Congratulations Alice – Welcome to the GenAI Internship Program!

Dear Alice,

Congratulations! 🎉

We are thrilled to inform you that you have been selected for the GenAI Internship Program, starting on 25th of this month. Your application stood out among thousands, and we’re excited to have you on board as part of this prestigious program.

The official offer letters will be shared with all selected candidates on 20th of this month. Please keep an eye on your inbox and reach out in case you do not receive it by the end of that day.

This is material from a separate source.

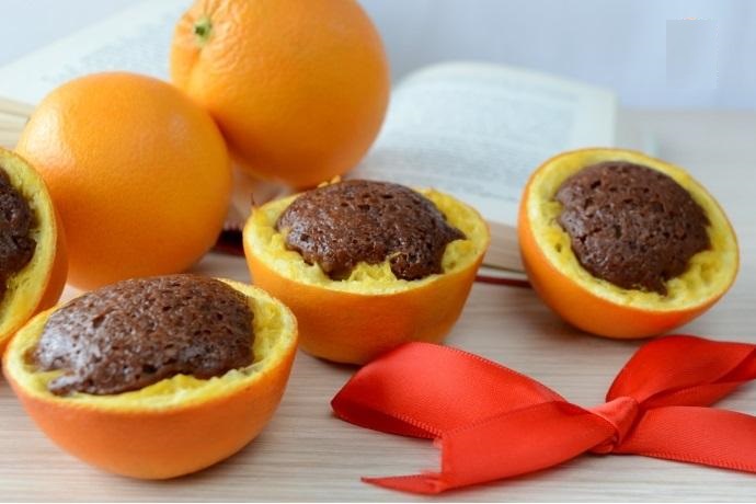 Muffin al cioccolato e arancia, ecco la ricetta per prepararli senza burro e senza pirottini, da cuocere e servire direttamente nelle bucce. Dolcetti soffici e sfiziosi di, sono perfetti per la merenda o per la prima colazione del mattino. Questi muffin permettono di utilizzare tutta l’arancia, senza sprechi oltre a conferire un tocco di originalità che piacerà di sicuro a grandi e piccini. Ingredienti per 6 muffin3 arance,12 gr di polpa di arancia,1 uovo,80 gr di zucchero di canna,130 gr di farina 110 gr cacao amaro,1/2 bustina di lievito per dolci. Ecco come preparare i muffin arancia e cioccolato: procedimento. Tagliare a metà le arance e spremere il succo con uno spremiagrumi; porre i gusci delle arance nello stampo per muffin, mettere in una ciotola capiente l’uovo sgusciato e mescolarlo con il succo e la polpa di arancia, incorporare anche lo zucchero e a seguire la farina, il cacao e il lievito, mescolare con una frusta per sciogliere eventuali grumi e versare il composto nelle bucce d’arancia riempendoli per tre quarti della loro capacità, infornare in forno caldo e cuocere a 180° per circa venti minuti, a cottura ultimata sfornare e far raffreddare su una gratella, gustateli tiepidi o freddi accompagnati da una tazza di thè o latte o dopo pranzo o cena come dessert

We look forward to your active participation and can’t wait to see the incredible work you’ll do during this internship!

Best regards,
Program Coordinator
GenAI Internship Team



In [5]:
with open("text/product_review.txt") as f:
    product_review = f.read()

print(product_review)

I bought this product from Flipkart website.
This product is very worst and replacement policy is very bad. Even I went to their New Delhi support center.
I used this laptop only for 30 minute and suddenly it turn off and it will never turn on.
And Flipkart website does not replace this product. I should have gone for better brands like Apple or Alienware.